It’s common during permaculture courses for some students to become a bit frustrated with the loose nature of the permaculture model. There are several different sets of principles, hundreds of possible strategies and thousands of tools, techniques and elements. Even the three core ethics are not universally agreed or universally stated. Why can’t permaculture make up its mind!
One of our advanced students recently put together an amazing matrix, linking the elements in the design she was doing for a client with the strategies that we had used for an exercise during the course. She shared the matrix to the learning group’s facebook page with this comment:
I would love feedback here as I struggled with even defining what the permaculture “Strategies” should be. I feel like there should be a defined set – and all designs should aim toward each strategy – almost like the Ethics and Principals. Am I on totally the wrong path?
This prompted me to write the following response, and because I know that this level of frustration is shared by many I thought I’d share it, with minor editing for context:
There are hundreds of strategies and not just the ones that we used during the course exercise. I would definitely include ‘protect, regenerate and restore wild places (zone 5) to the list of top strategies.

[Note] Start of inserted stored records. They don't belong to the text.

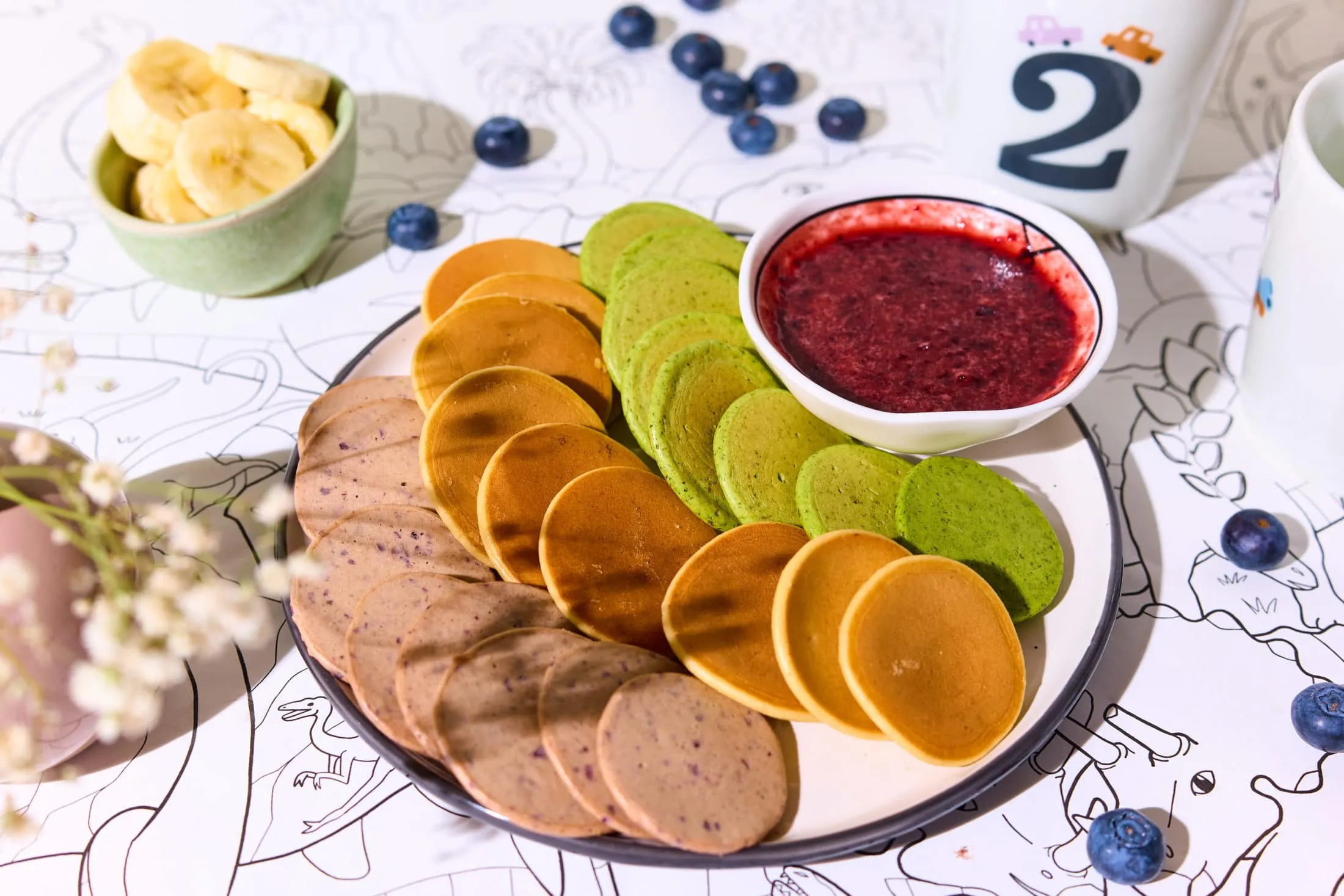 Külön-külön habzsákba töltjük a 3-féle tésztát. Egy tapadásmentes serpenyőt használunk, hogy ne kelljen hozzá olaj, ezt alacsony fokozaton felmelegítjük. A habzsák végét picit megvágva 5 cm-es korongokat nyomunk a serpenyőbe. Szép aranybarnára sütjük az egyik oldalát, majd megfordítjuk, és hasonlóképpen megsütjük a másik oldalát is. Ezt megismételjük mind a 3 tésztával, és készen is van a zöldséges, gyümölcsös, sokszínű babacsintánk, amit a babák könnyen el tudnak majszolni kézzel.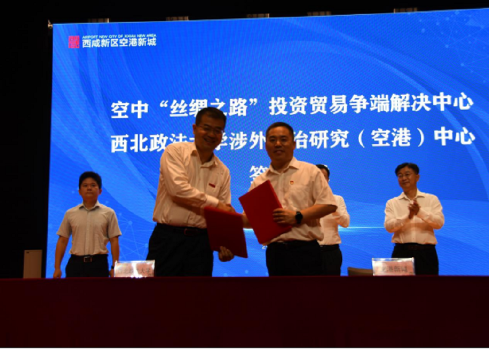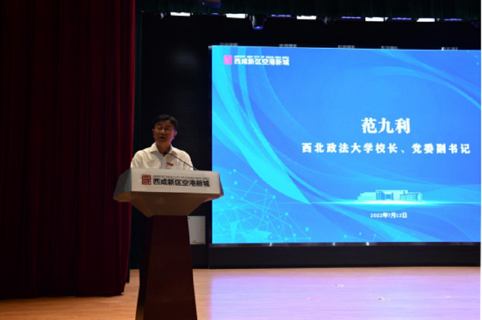 会议议程分为第一阶段:空港新城稳增长、促发展暨重点项目签约大会,第二阶段:空港新城七一表彰大会。在第一阶段临空涉外中心揭牌仪式上,范九利作了重要致辞。认为西咸新区空港新城作为西北地区唯一、全国第6个空港型国家物流枢纽,近年来持续提升西安国际航空枢纽能级,不仅助推各类生产要素快速流动,还带动各类产业群迅猛发展,而即将在此成立的beat365英国官网涉外法治研究(空港)中心和“空中丝绸之路”投资贸易争端解决中心意义重大、影响深远。作为国家级涉外法治研究基地的实务拓展平台,中心将充分发挥学校法学学科优势、专家教授人才优势和丝绸之路经济带地缘优势,助推临空经济发展和临空产业聚集。同时,“空中丝绸之路”投资贸易争端解决在这里做到顶格落实、顶格推进,既能为境外企业“走进来”提供便捷、专业、高效的法律服务,也将为境内企业“走出去”提供全程化、专业化和国际化的法律服务。范九利致辞结束后,与贺键、艾晨等领导共同见签由beat365张荣刚和空港新城胡新建签署的合作协议,紧接着为“空中‘丝绸之路’投资贸易争端解决中心”和“beat365英国官网涉外法治研究(空港)中心”揭牌。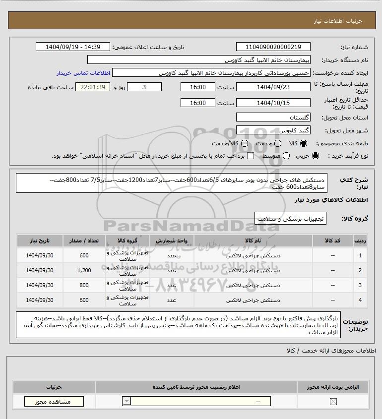 شرح کلی نیاز: دستکش های جراحی بدون پودر سایزهای 6/5تعداد600جفت--سایز7تعداد1200جفت--سایز7/5 تعداد800جفت--سایز8تعداد600 جفت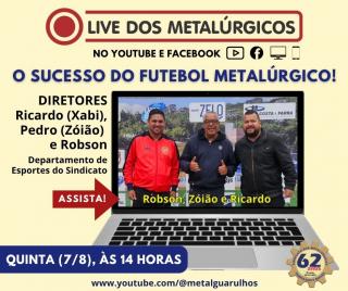 O 28º Campeonato de Futebol dos Metalúrgicos de Guarulhos e Região será tema da live semanal com o nosso vice Ricardo (Xabi) mais os diretores Pedro Pereira (Zóião) e Robson Amadeu, que integram o Departamento de Esportes do Sindicato.

There can’t be a defined set because strategies are context dependant. The strategies for social permaculture will not necessarily be the same as the strategies for establishing a home system for example. Even with home systems, the strategies will vary with bioregions.
If it helps, the principles SHOULD be universal. The five in my macro pattern for all of the principles, which you can find here….
….were designed to be universal, but some of the others are definitely very specific to a context and in my view they should really be strategies. As an example, Rowe’s “bring food production back to cities” is clearly a strategy, not a principle, because it cannot be universally applied.
I find it useful to remember that permaculture is relatively young, and a soft system. I think of it as being much like a garden. It was started with some very clear ideas about what the originators were hoping to achieve but has since evolved to be so much more. It will keep evolving. Rowe Morrow resists even offering a clear definition because she believes it means different things to different people and we should all come up with our own definition! I disagree with her and wrote my definition to deliberately establish some clear goals, which were missing from the other commonly used definitions.
Permaculture is an ethically based design pattern for creating and evolving systems that increase biological health while providing for human needs
This looseness and lack of dogma in permaculture does some people’s heads in, but it’s a huge part of the appeal for me. I keep returning to the ethics and asking if I have finally come up with the best pattern for achieving them. So far, everything is still referred to as ‘my current favourite’ because I’m not done yet. I am encouraged by the observation that Bill Mollison kept redesigning the model right up until his death.
It took a long time for me to realise that this freedom to redesign is one of the great strengths of permaculture. It engages people in a way that dogma can’t. It is not received wisdom from on high but a living, breathing system that we get to co-create with others.
I have always admired the Jewish tradition of debating the bible rather than simple accepting it as doctrine. They belief is that the purpose of the Book is to serve as the foundation for engaging with faith and exploring it, rather than relying upon the interpretation of a patriarch, as most versions of the Christian church do.
While permaculture is not a religion it is a pattern that seeks to help us become better humans, and in that context it must always be evolving. There is no end goal to improvement. I like the idea of the permaculture model, as it exists at any point in time, being the basis for further debate and redesign.
In very broad terms, permaculture seeks to provide us with a pattern for evolving, but as evolution requires us to change, so the pattern must shift and adapt. For anyone with a systems thinking background this makes perfect sense. “How might we be better humans?” is what systems thinking refers to as a wicked problem. We can’t see a clear answer from here, and so we need to set some broad parameters and head off in what we hope is the right direction, learning and adjusting as we go.
I hope that my thinking and writing will contribute to the evolution of permaculture. I don’t seek to develop the best version of it, but I do seek to improve it and I encourage everyone to do the same.